THE COST-EFFECTIVENESS OF ELTROMBOPAG FOR THE TREATMENT OF CHRONIC ADULT IMMUNE THROMBOCYTOPENIC PURPURA (ITP) IN IRELAND
Author(s)
Hanley RM1, Redmond S1, Thompson G21GlaxoSmithKline, Dublin, Ireland, 2GlaxoSmithKline, Uxbridge, United Kingdom
OBJECTIVES: Immune thrombocytopenia (ITP) is a rare autoimmune disorder characterised by low platelet counts resulting in symptoms that are usually minor, e.g. petechiae. However, patients with very low platelet counts face the risk of serious, but rare, bleeds, e.g. intracranial haemorrhage. The study objective was to estimate the cost-effectiveness of treating two groups of chronic adult ITP patients (refractory to splenectomy and where splenectomy is contraindicted) with oral eltrombopag versus romiplostim or rituximab from an Irish healthcare payer perspective.METHODS: A Markov model with a four week model cycle, two year time horizon and seven health states was used. In one arm, patients were treated with eltrombopag and in the other romiplostim or rituximab. Patients began in either the ‘controlled platelet’ or ‘uncontrolled platelet’ health states. Response rates from clinical trials (eltrombopag and romiplostim) and a published literature review (rituximab) determined whether patients were controlled or not.

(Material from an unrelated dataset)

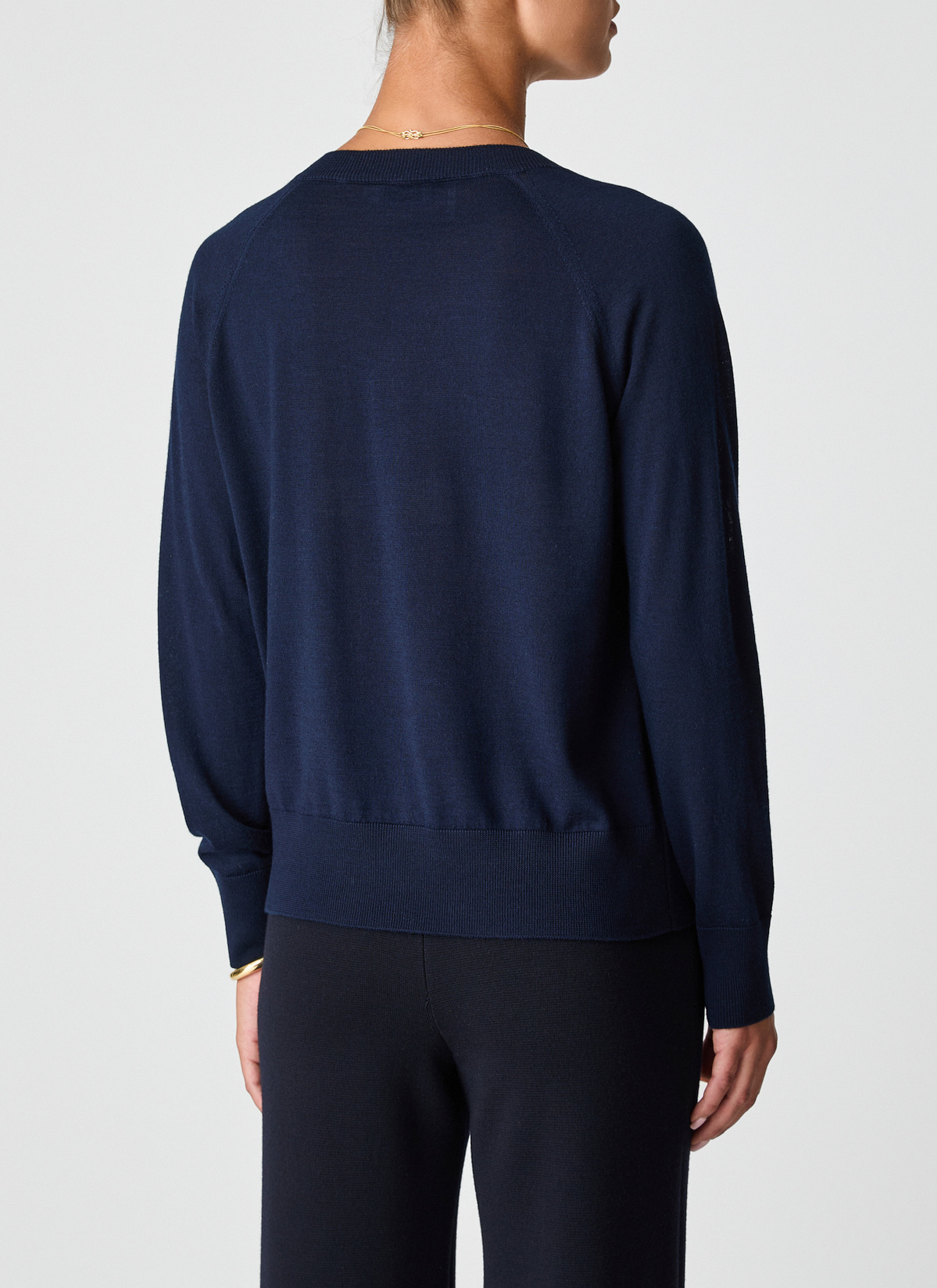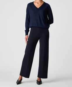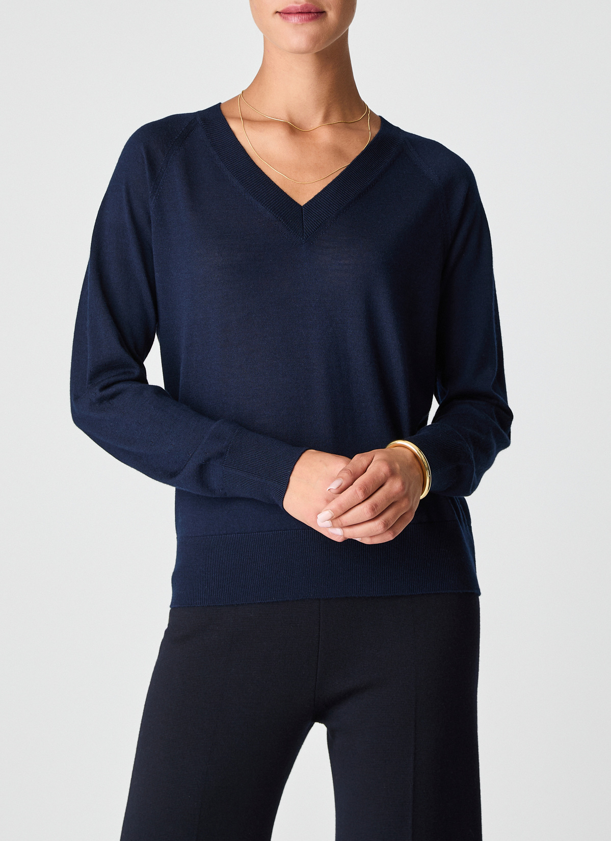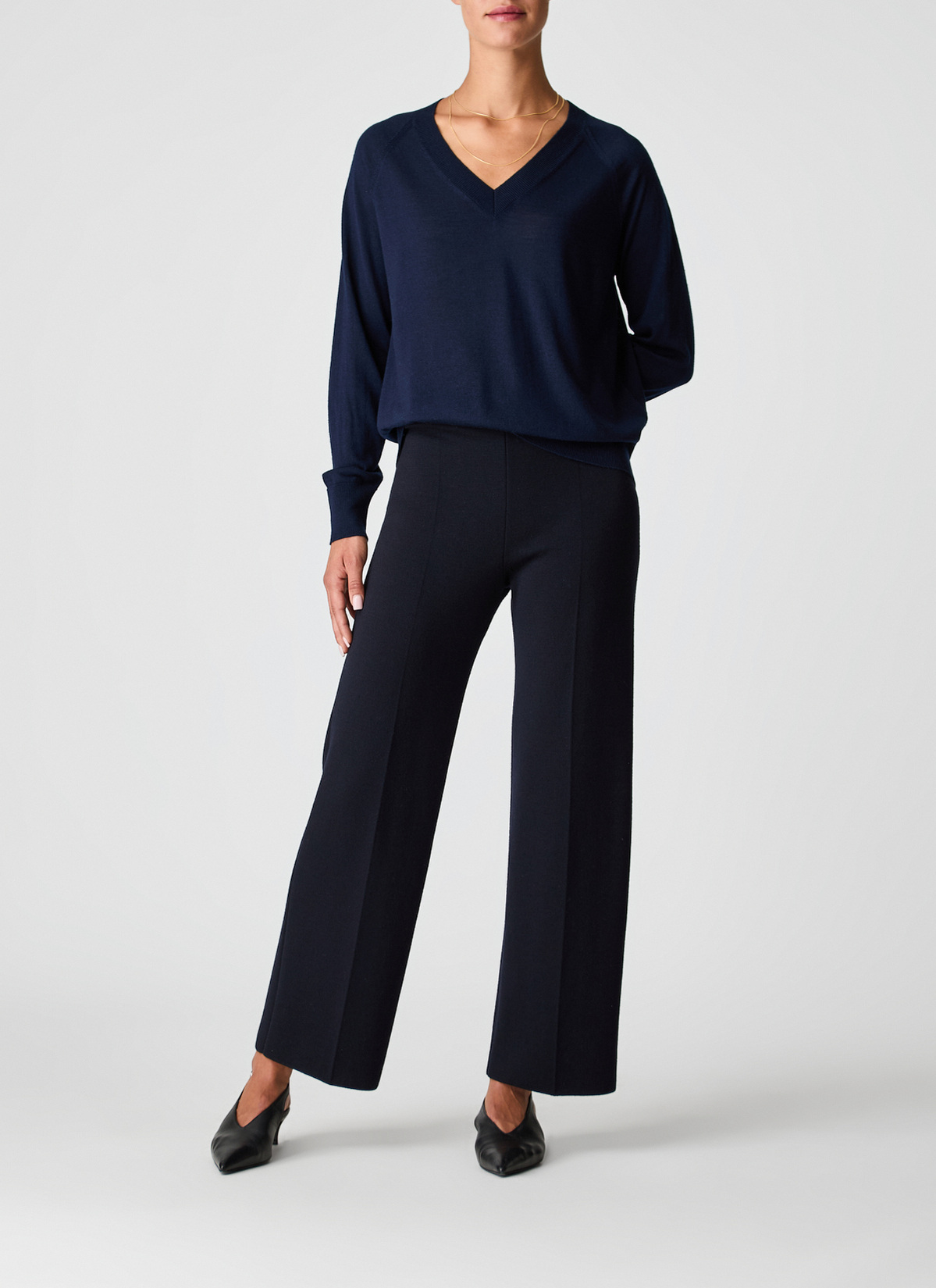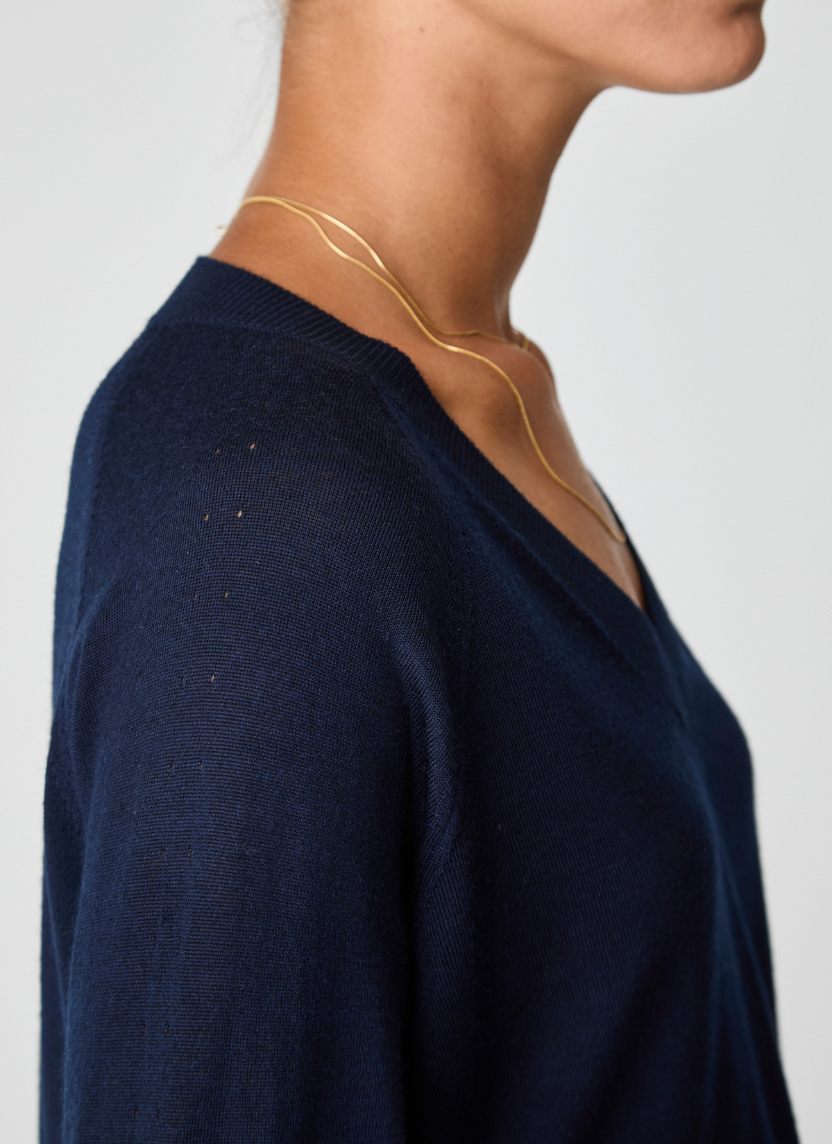 Dieser Damen Pullover mit Pointelle-Details kombiniert zeitloses Design mit edlem Tragegefühl. Der V-Ausschnitt, die überschnittenen Schultern und der leicht voluminöse Schnitt verleihen ihm eine moderne, entspannte Silhouette. Feine Pointelle-Details an den Ärmeln setzen dezente Highlights und sorgen für eine feminine Note. Die edle Mischung aus Merinowolle, Seide und Kaschmir ist leicht, atmungsaktiv und wirkt angenehm kühlend – perfekt für warme Tage und wechselnde Temperaturen. Sie liegt weich und glatt auf der Haut und bietet den ganzen Tag über ein besonders komfortables Tragegefühl. Ein stilvolles Essential, das mühelos Eleganz und Leichtigkeit vereint.

Controlled patients experienced a higher level of utility and lower risk of transitioning to bleed health states. Utilities (using the SF-36v2) for controlled/uncontrolled platelet levels were from the eltrombopag pivotal trial, RAISE. Utility for bleeds and costs were taken from the literature. Costs and benefits were discounted by 4%.RESULTS: The model estimated that eltrombopag dominates romiplostim, i.e. cost savings of €13,000 and €18,000 with an incremental QALY of 0.1 and 0.03 for patients who are refractory to splenectomy and where splenectomy is contraindicated respectively. This result was driven by the fact that eltrombopag is less expensive, does not incur wastage or administration costs and has slightly better durable response rates compared to romiplostim. Eltrombopag is not cost-effective compared to rituximab for both groups of patients because rituximab is significantly less costly than eltrombopag with comparable response rates. CONCLUSIONS: The economic model showed that eltrombopag dominates romiplostim but is not cost-effective versus rituximab.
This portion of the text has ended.